他强行压下的一点火在看到杨铭他们把钟晴抬出来,夏炎疯狗似的冲他们大吼的时候,彻底爆发了。
“这里有炸弹,还有五分钟不到就要爆炸了,你他妈还愣着干嘛?赶紧叫兄弟们走啊!”
“夏炎,你给我闭嘴,”梁颂一出声,音量居然比夏炎还高,所有人都下意识停下了动作,“你们带着人质马上撤出去,能走多远走多远,动作快!”
现场训练有素的人民警察虽然被这个看起来文弱的男人发出的巨大吼声惊到了,不过还是很快有秩序地撤离了,有个同事见梁颂没动,小声问了句“梁队,你呢?”不过被梁颂的眼神一扫,就乖乖退回了队伍里。
“梁颂,你也快走啊!”见人都走光了,梁颂还没有要走的意思,夏炎有点急了,可自己又动不了,只好一脸焦灼地看着他。
梁颂不但没走,反而凑上前看了看:“我看看……还有四分半,那混蛋提什么条件了?”
夏炎手里握着一只旧手机,一看就不是他自己的,那只能是犯人留下的了,不小心落下的情况可能性极低,那只能是故意留在这里的了。犯人故意留下手机除了沟通谈条件之外,好像也没别的可能性了。
见梁颂这么快就看破了,夏炎也不好再隐瞒,只能快速说明情况并表明立场:“说加一个小时的条件还有效,但是Nine好不容易才落网,绝不能轻易放走!”
“怎么着?你想在这儿英勇就义?”梁颂一边说着一边掏出手机。
“哎,先别通知区里!还有个办法,这里有两根线,Zero说剪掉其中一根就能活,我有二分之一的概率不会死……”
梁颂拨通了电话,毫无留情地打断他:“你直接被炸死,和你有二分之一的概率被炸死,有什么区别吗?你脑子是被什么玩意儿夹过吧,死在这种地方,有半毛钱的意义吗——喂,韩处,请您马上安排放了Nine……”
梁颂简短地向韩长晟说明了情况,夏炎则在一旁扯开嗓子大喊:“韩处,就算放了Nine也只是增加一小时而已,这一小时都不够拆弹组赶到,如果真的要死,苟活这一小时有什么用呢?”
梁颂一手举着手机,冲夏炎露出一个清浅的笑容,“韩处,您听到了吧,所以我要在这一小时之内,想办法把二分之一降为零。”

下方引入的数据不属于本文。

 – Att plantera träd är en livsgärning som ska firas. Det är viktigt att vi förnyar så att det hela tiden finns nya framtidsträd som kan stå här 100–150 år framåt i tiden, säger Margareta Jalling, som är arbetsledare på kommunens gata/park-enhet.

梁颂摁开免提,韩长晟沉稳有力的声音传了出来:“Nine这边我马上安排,梁颂,务必把夏炎完整地带回来。”
梁颂挂了电话,把炸毛的夏炎晾在一边,又接连打了好几个电话,回来的时候,倒计时只剩一分钟。夏炎已经把显示屏外壳拆开了,里面有黑色和红色两根线,按照Zero的说法,红与黑,一条生,一条死。
知道硬的对梁颂没用——当然,不能动弹的情况下也硬不了,夏炎放软了语气:“梁颂,算我求你了,你快走吧,谁知道Zero会不会守信用,我可不想和你一起死,你现在跑还来得及。”

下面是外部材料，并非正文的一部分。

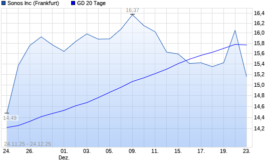 Mit dem Rücksetzer auf 15,16 EUR hat die Sonos-Aktie am 23.12.2025 die 20-Tage-Linie nach unten gekreuzt.Die Sonos-Aktie befindet sich seit dem 22.08.2025 im langfristigen Aufwärtstrend ...weiterlesen

梁颂不怎么在意地走到夏炎身边蹲下:“我也没说想和你一起死啊,我还跟男朋友约了一起吃早餐呢……”
梁颂的尾音被一道“滴”声打断,显示屏忽然闪了一下,小时栏从“00”变成了“01”。
梁颂勉强扯了扯嘴角:“看来Nine 已经放走了,没办法,又得再抓一次了——”
夏炎在短暂地读条过后,敏锐地捕捉到关键词:“……男朋友?”
梁颂笑了笑,直截了当地把话题掰了十万八千里:“夏炎,你知道我为什么要来诚州支队吗?”
转移话题虽然见过不少,可转得一点不带拐弯抹角、比直角还直的实属头一次,夏炎愣了一下,不知道怎么接话。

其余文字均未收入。